Gary Tinterow, director of the Museum of Fine Arts, Houston, also made the matchmaking analogy. His institution received a sculpture by Edward Kienholz and a painting by Jonathan Lasker through Museum Exchange. (The museum owns other pieces by Kienholz, which provide context for the new one, but is lacking in works by Lasker, a significant void in its contemporary collection.) “It’s a marvelous initiative,” Tinterow said. “This created an opportunity to avail ourselves of works that we otherwise would not have known about. One of the greater advantages is that collectors almost always want to move objects into a place where they will be seen, and will serve a purpose. And that’s difficult. I’ve worked with dozens of collectors throughout my career in museums”—Tinterow was a curator at the Metropolitan Museum of Art for almost 30 years before coming to Houston—“and placing objects is not easy, especially for collectors who have amassed substantial collections, not just in value but in terms of number of objects.”
While at the Met, Tinterow came to realize that “the most precious commodity in the New York art world is not money, it’s not art, it’s museum real estate. There’s plenty of money, there was plenty of art. There wasn’t that much museum space.” And that doesn’t just go for New York. Museums elsewhere may not be landlocked among skyscrapers, but they’re still finite. “Museums must be discerning in what they are willing to accept so that all the museums themselves are not burdened with objects that they have no intention or need to display, and so that the objects themselves don’t fall into obscurity.”
Darling sees his service as one that can be helpful not only to collectors and museums, but also to dealers and artists. Dealers, he said, “are often approached by collectors who want to donate a piece and ask the gallery to make these calls on their behalf.

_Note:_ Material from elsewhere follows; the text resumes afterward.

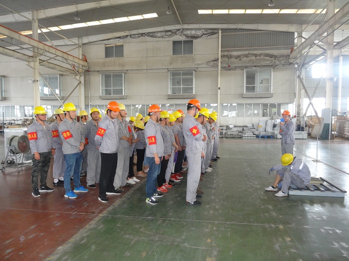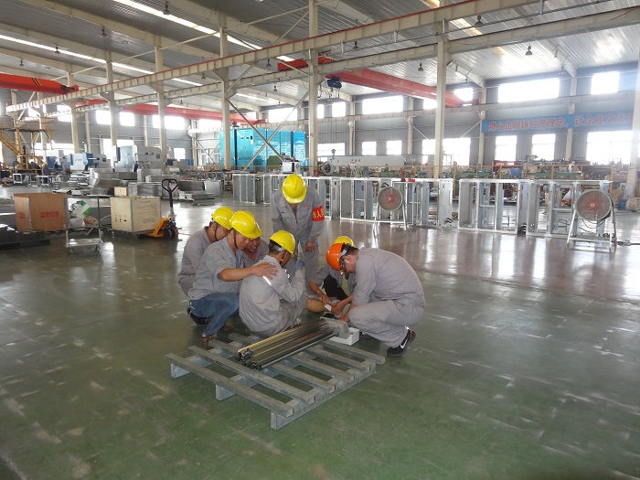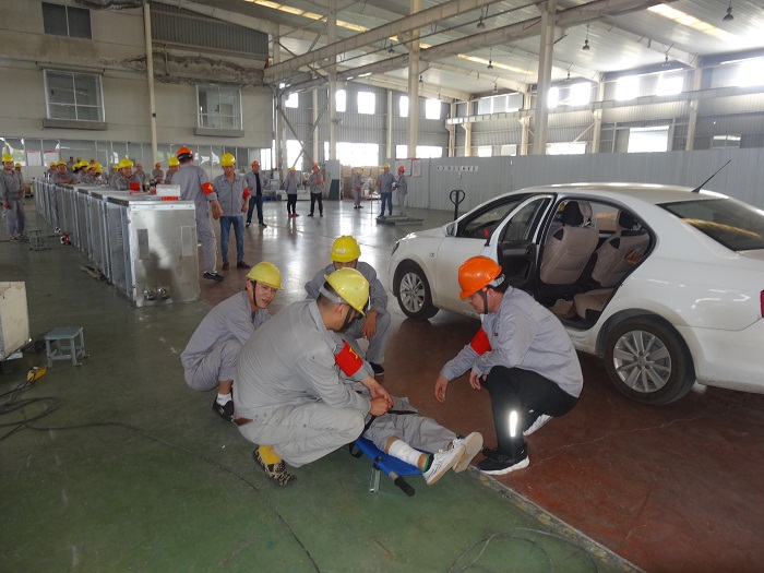 本次應急演練力求真實,演習場所放在櫃體車間裝配工位,現場模擬在進行航吊搬運物品時,將正在進行裝配的員工腿部撞傷。

That can be a lot of work, and it can really tax the relationships those dealers have with museums.” As for artists, Darling has heard from both artists and estates holding on to a lot of work and thinking about where they might like it to go.
The future for Museum Exchange appears to be in expanding both what they offer and to whom they offer it. “I’m excited to see how it grows,” said Shotick. “Right now, they’re offering a lot of contemporary art. I’m excited to see if they move on to include more historical works that will open up the doors even more.”
Darling has just such plans in store. “We can imagine branching out into other types of material that would mirror the departments at an encyclopedic museum,” he said. In the nearer term, he is building up his business to be more than a museum exchange by reaching out to a network of other nonprofit institutions, like libraries and hospitals and universities, that might also be interested in receiving art. That way, he said, for any given artwork, “if we strike out with museums, we have some other options to look at.”